Equation (7) is true, but circular; equation (6) is also true because unless we have specified a rival theory for how the data arose, we have no choice but to believe E (this is key). Equation (7), which contains a fallacy, is what many have in mind when judging E.
Now let M = “A 6 shows on roll 1, a 6 shows on roll 2, …, a 6 shows on roll n.” Then
(8) Pr( M | Rn & n) = 1.
Our “model” M is obviously true, though (8) is also circular. But we can “uncircle” it by changing M to M’ = “A 6 always shows.” Then
(8′) Pr( M’ | Rn & n) = 1.
Of course, if at the n+1-th roll a 6 does not show, we have falsified M’ (but not M; we’d have to write Pr(M’|Rn & n & not-six on n+1) = 0).
M and M’ are very good models because they explain the data perfectly. But equations (8) or (8′) have nothing to do with (4) or (4′). To judge between E and M, we’d have to start with a statement which assigns a prior belief (before seeing the data R) which of these models were true; then after seeing the data we can update the probability either model is true. But we cannot, using just R, say “E is false” or “M is true.”
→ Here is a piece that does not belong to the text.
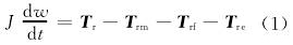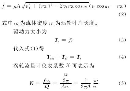 渦輪在轉(zhuǎn)動時所受的力矩大致可分:流體對渦輪的推動力矩Tr,機(jī)械摩擦力矩Trm,流體對渦輪產(chǎn)生的流動阻力矩Trf和電磁阻力矩Tre。渦輪運(yùn)動方程可以表示為

The main point, if it is not already obvious, is that any observation will not prove a model or belief false, unless it’s a very special and rare situation like M’ (and observing something M’ said was impossible). What we really or often mean when we say “Just look at R; E is false!” is that we have some rival model N in mind, a model which we are sure is true. McKibben is convinced that N = “death-from-the-skies global climate disruption” is true but uses an equation like (3) to prove N. This is a fallacy. Eq. (3) has nothing in the world to do with N; if E is true then no observation can prove E false, or even show it is unlikely because, of course, E is true.
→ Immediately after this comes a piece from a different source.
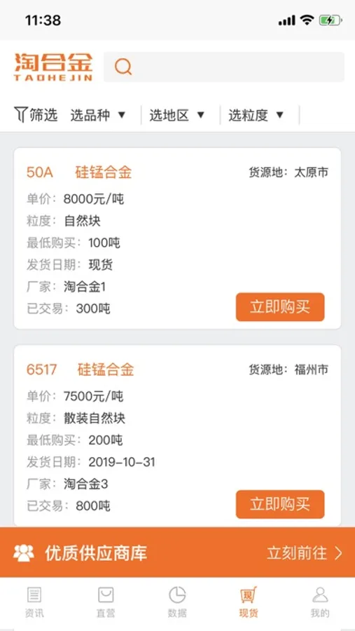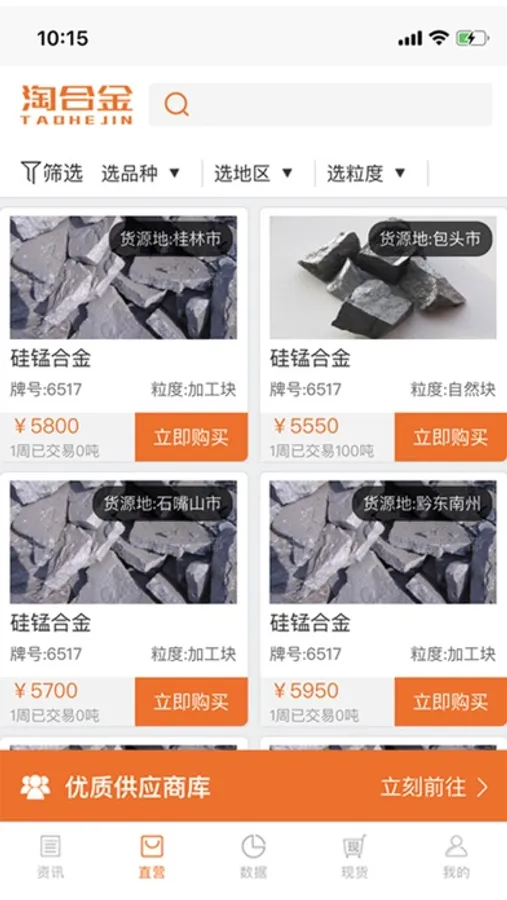 直营商城:淘合金是一家贸易与网络一体的公司,有这大量的铁合金现货资源和贸易经验,直营商城上的商品是我们淘合金直接销售给用户,用户只需要在平台上下单,我们的客服人员就会与用户对接签约合同,并且所有的流程动态都会展示在淘合金app的直营订单详情中,包括合同签订情况,物流情况,货物到场情况,淘合金平台为钢铁公司和贸易商提供价格公道、质量有保障、供货效率极高的铁合金货源。
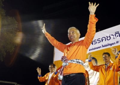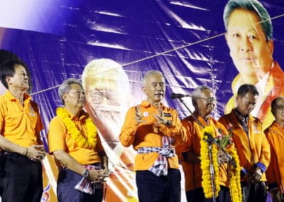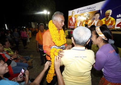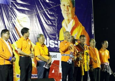 นายสุวัจน์ ลิปตพัลลภ ประธานที่ปรึกษาพรรคชาติพัฒนา พร้อม นายเทวัญ ลิปตพัลลภ หัวหน้าพรรคชาติพัฒนา และนายแพทย์วรรณรัตน์ ชาญนุกูล ที่ปรึกษาพรรคฯ พันเอกวินัย สมพงษ์ ที่ปรึกษาฯ นายสมบัติ กาญจนวัฒนา ผู้สมัครบัญชีรายชื่อ ขึ้นเวทีปราศรัยหาเสียงช่วย

Now for real temperatures, the model N could be true; but so could many other rival models, and so could a model like E, suitably modified. The climate Ec can be “the temperature can fall into one and only one of three buckets, labeled low, normal, high.” Thus Pr(high | Ec) = 1/3 and so on. Or Pr(high n times in a row | Ec & n) = (1/3)n as before. This means
(9) 0 < Pr( Ec | high n times in a row & n) < 1
just as before. Since there is no news about N in (9), N is irrelevant.
And just as before, we can start with an a priori judgment about the likelihood of N or Ec being true; and after seeing the data we can update these judgments. It will be the case, unless the a prior judgment is very skewed towards Ec, that N will be morel likely than Ec given the data.
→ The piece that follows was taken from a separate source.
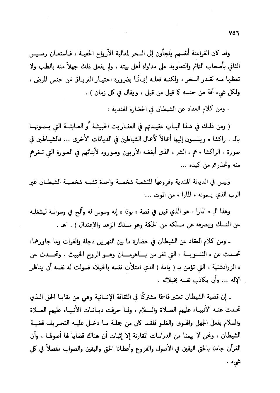 ومن كلام العقاد عن الشيطان في الحضارة الهندية:

But this does not mean that N is more likely true when judged against other models of the climate. We can, as we have just seen, compare N only against the straw man Ec, but this gives no evidence whatsoever about N and (say) W = “a climate model which does not assume the world will soon end unless new taxes are raised and given to politicians” (or any other climate model we might imagine).
It is therefore cheating, like all straw man arguments are cheating, not to use the best available competitor to N.